Édouard Adolphe Drumont (3 May 1844 – 5 February 1917) was a French antisemitic journalist, author and politician. He initiated the Antisemitic League of France in 1889, and was the founder and editor of the newspaper La Libre Parole.  After spending years of research, he synthesised three major types of antisemitism. The first type was traditional Catholic attitudes toward the alien "Christ killers" augmented by vehement antipathy toward the French Revolution. The second type was hostility toward capitalism. The third type was so-called scientific racism, based on the argument that races have fixed characteristics, and asserting that Jews have negative characteristics. 

Drumont's biographer, Grégoire Kauffmann, places Drumont within the counter-revolutionary tradition of Louis Veuillot, Antoine Blanc de Saint-Bonnet, and anti-modern Catholicism. Socialist leader Jean Jaurès stated that "all the ideas and arguments of Drumont were taken from certain clerical opponents of the French Revolution.

Early life
Drumont was born in Paris in 1844 to a family of porcelain-painters from Lille. He lost his father at the age of seventeen, and had to care for himself and earn his own livelihood from then onwards.

Public career
He first worked in government service, and later became a contributor to the press and was the author of a number of works, of which Mon vieux Paris (1879) was awarded by the French Academy. He also worked for Louis Veuillot's L'Univers.

Drumont's 1886 book, La France juive (Jewish France), attacked the role of Jews in France and argued for their exclusion from society. In 1892, Drumont initiated the newspaper the La Libre Parole which became known for intense antisemitism. 
Gaston Méry was soon made editor in chief due to his skill in exploiting scandalous affairs and his daring invective.
The newspaper took  "France for the French" as its motto.
The newspaper was sceptical of Léo Taxil's anti-Catholic Diana Vaughan hoax before Taxil admitted it in 1897.

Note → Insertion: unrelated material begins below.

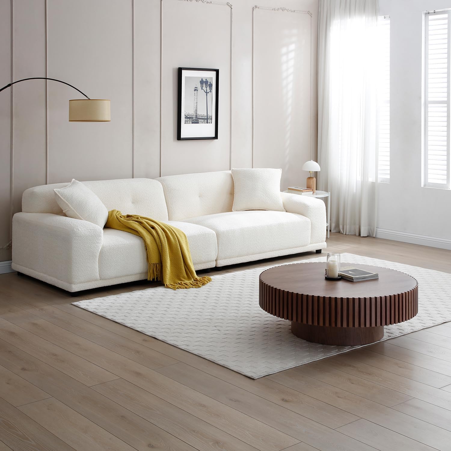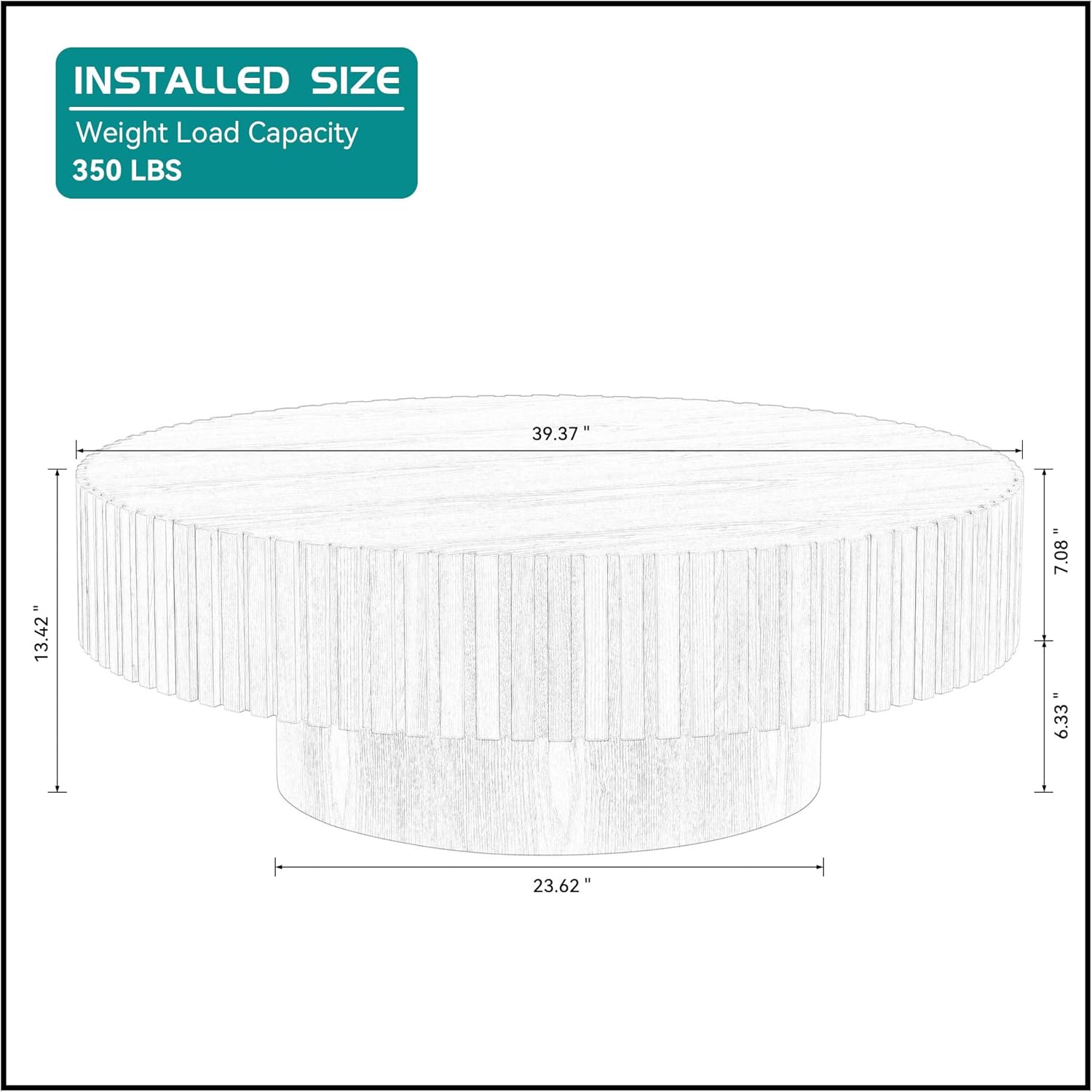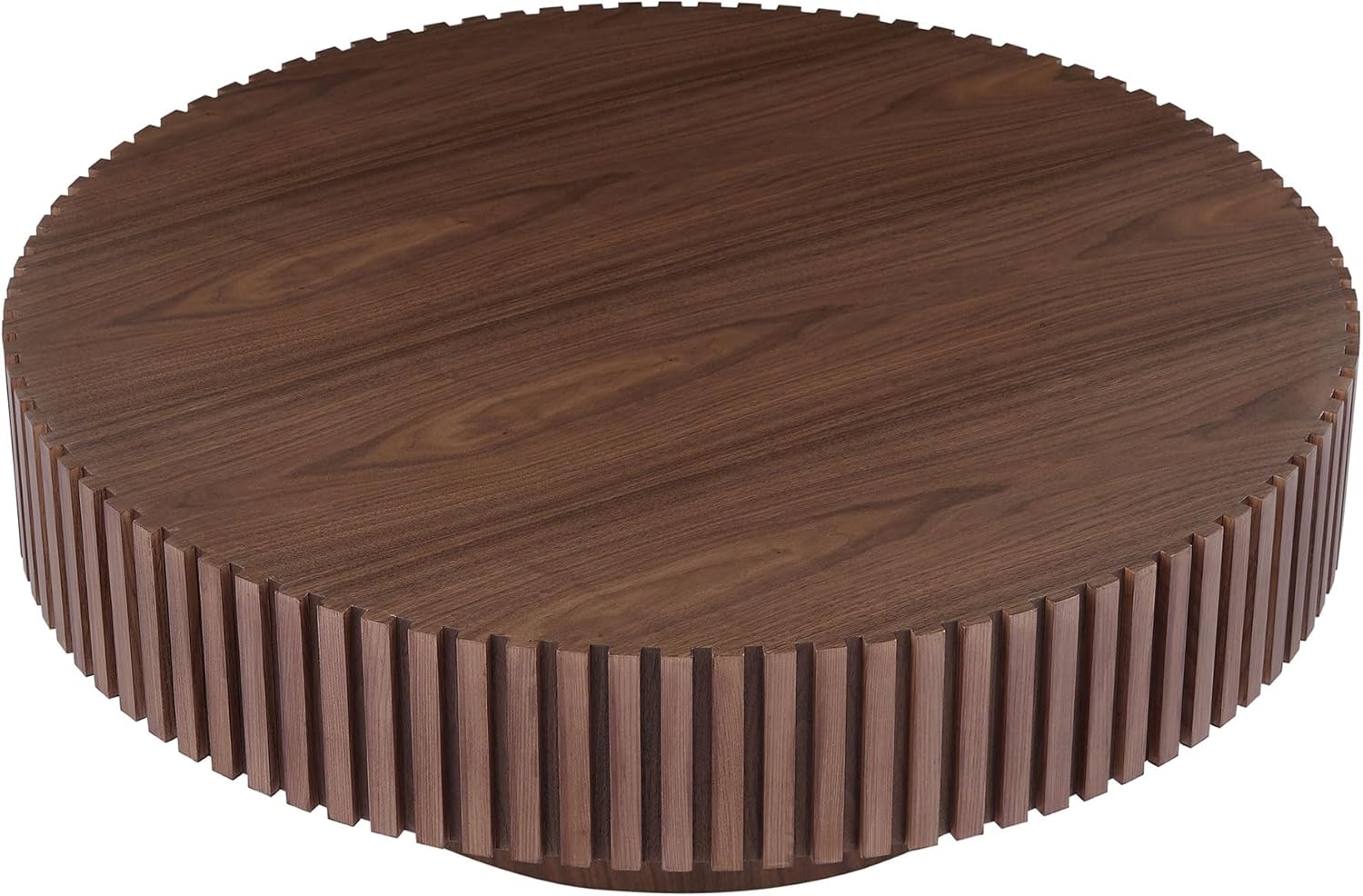 kevinplus 39.37'' Walnut Round Coffee Table Modern Wood Coffee Table for Living Room, Contemporary Circle Fluted Drum Coffee Table, No Assembly, Walnut (ø39.37'' x 13.42'')

For the French legislative election of May 1898, the antisemitic activist Max Régis endorsed Drumont before this election from Algiers.
On 8 May 1898, Édouard Drumont was elected triumphantly with 11,557 votes against 2,328 and 1,741 for his opponents.
Of six Algerian national deputies, four were elected on the platform of Regis's Anti-Jewish League.
Drumont represented Algiers in the Chamber of Deputies from 1898 to 1902. He was sued for accusing a parliamentary deputy of having accepted a bribe from the wealthy Jewish banker Édouard Alphonse de Rothschild to pass a piece of legislation the banker wanted.

Drumont had many devotees. He exploited the Panama Company scandal and reached the maximum of his notoriety during the Dreyfus Affair, in which he was the most strident of Alfred Dreyfus' accusers.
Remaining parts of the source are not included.